■ **TASK DETAILS**:
In the entries that follow, find the line containing "Selger et komplett"; from there, copy every line exactly through the line containing "首先,閃亮登場的是男女雙人項".

■ **DATASET EXCERPTS**:
•••

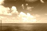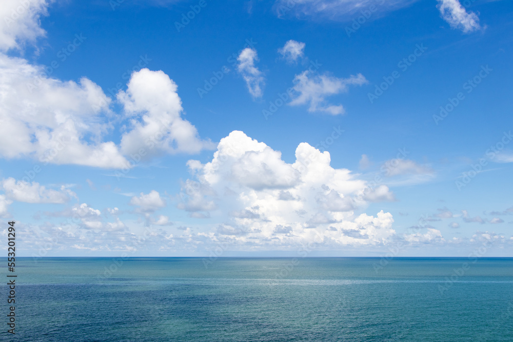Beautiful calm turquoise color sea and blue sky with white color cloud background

•••

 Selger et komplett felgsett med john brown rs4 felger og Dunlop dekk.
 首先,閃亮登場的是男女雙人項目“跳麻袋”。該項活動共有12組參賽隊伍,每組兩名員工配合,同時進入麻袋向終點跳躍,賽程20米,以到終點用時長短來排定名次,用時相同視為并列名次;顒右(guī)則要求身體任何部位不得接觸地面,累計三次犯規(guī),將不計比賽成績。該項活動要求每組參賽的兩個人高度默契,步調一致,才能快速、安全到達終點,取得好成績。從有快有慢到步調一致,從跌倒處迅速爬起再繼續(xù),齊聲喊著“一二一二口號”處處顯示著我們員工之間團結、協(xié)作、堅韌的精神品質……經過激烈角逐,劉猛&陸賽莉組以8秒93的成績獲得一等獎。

•••

■ **TASK OUTPUT**:
 Selger et komplett felgsett med john brown rs4 felger og Dunlop dekk.
 首先,閃亮登場的是男女雙人項目“跳麻袋”。該項活動共有12組參賽隊伍,每組兩名員工配合,同時進入麻袋向終點跳躍,賽程20米,以到終點用時長短來排定名次,用時相同視為并列名次;顒右(guī)則要求身體任何部位不得接觸地面,累計三次犯規(guī),將不計比賽成績。該項活動要求每組參賽的兩個人高度默契,步調一致,才能快速、安全到達終點,取得好成績。從有快有慢到步調一致,從跌倒處迅速爬起再繼續(xù),齊聲喊著“一二一二口號”處處顯示著我們員工之間團結、協(xié)作、堅韌的精神品質……經過激烈角逐,劉猛&陸賽莉組以8秒93的成績獲得一等獎。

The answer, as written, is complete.